Eastern Louisiana was inundated with flooding this month, which is not particularly unusual. What is unusual and exceptionally terrifying is this propane tank–burning wildly as it floats passed people’s houses.
The St. Tammany Fire District 9 out of Bush, La. posted this video to their Facebook page last week. The water wrecking havoc on the region undoubtedly dislodged the tank from whatever it was meant to fuel, but became a big factor in keeping it from exploding as soon as it caught fire.
A propane tank getting way too hot, from say, being on fire, can lead to what firefighters call a BLEVE situation—as in “boiling liquid expanding vapor explosion.”
The concern is not necessarily that the combustable element (in this case, propane) would ignite due to proximity to a flame, but rather that a sudden change in pressure caused by rising heat could make the propane instantly boil and explode.

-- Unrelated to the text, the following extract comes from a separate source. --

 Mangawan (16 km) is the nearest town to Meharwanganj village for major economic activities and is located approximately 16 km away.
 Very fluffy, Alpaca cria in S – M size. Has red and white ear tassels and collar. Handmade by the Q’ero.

If this tank were burning but not in a flood, typical firefighting procedure would be to focus on keeping the tank cool with water spray. Or, at the discretion of an incident commander, get the hell out of dodge if an explosion seemed inevitable.

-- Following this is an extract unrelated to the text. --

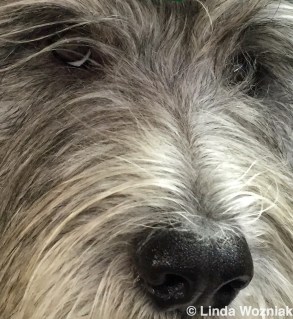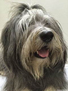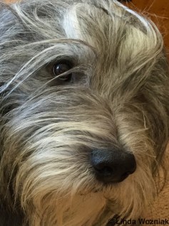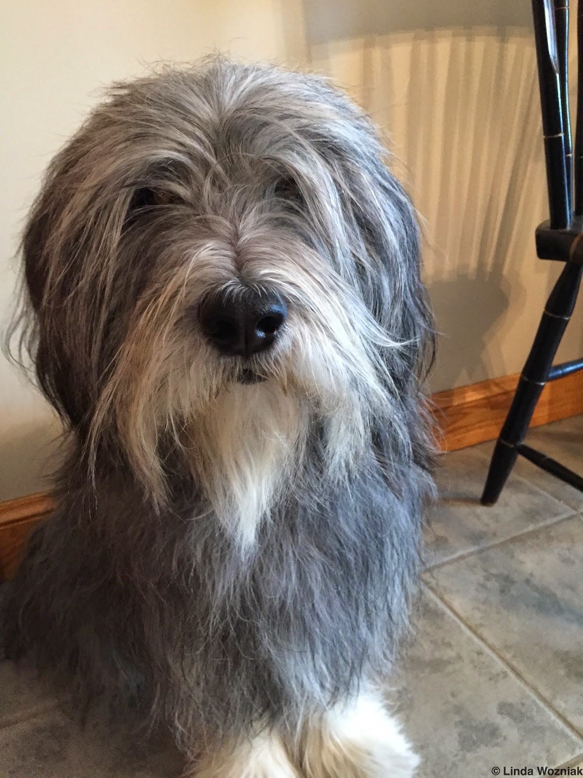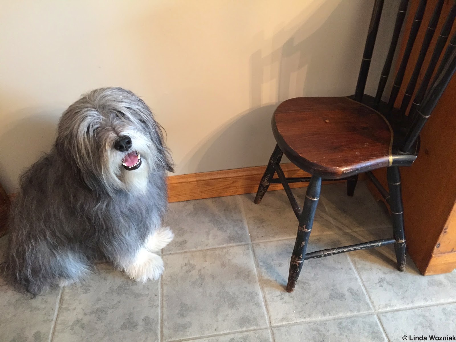 Step 2: Comb your willing dog’s hair, so that your profile photo will show his or her features. Have your willing dog sit – for the profile shot. To do this, my human placed enticing treats on a chair – which were at eye level for me. She asked me to wait – and look at the treats. When she got a good profile photo with her smart phone, she told me I could have the treats! She took MULTIPLE photos.
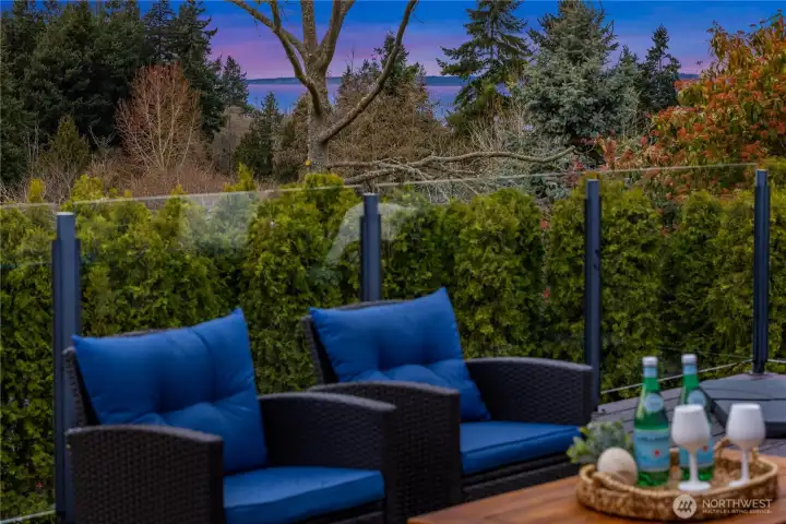 Sunset views from your private sanctuary. This expansive composite deck offers glass railings for an unobstructed view of the lush Pacific Northwest horizon.

Here, the floodwater did the cooling. “It fizzled out about 2 minutes after this video. It’s just north of Covington, La which is about 40 miles north of New Orleans across Lake Ponchatrain,” the St. Tammany Fire District reported in a Facebook post.
So as terrifying as the imagery here is, thankfully the actual incident could have been a lot worse.
Apparently the river had risen to “unprecedented heights” (You don’t say?) and was flowing at a pace of 102,000 cubic feet per second. As of March 13, the water was reported as receding dramatically.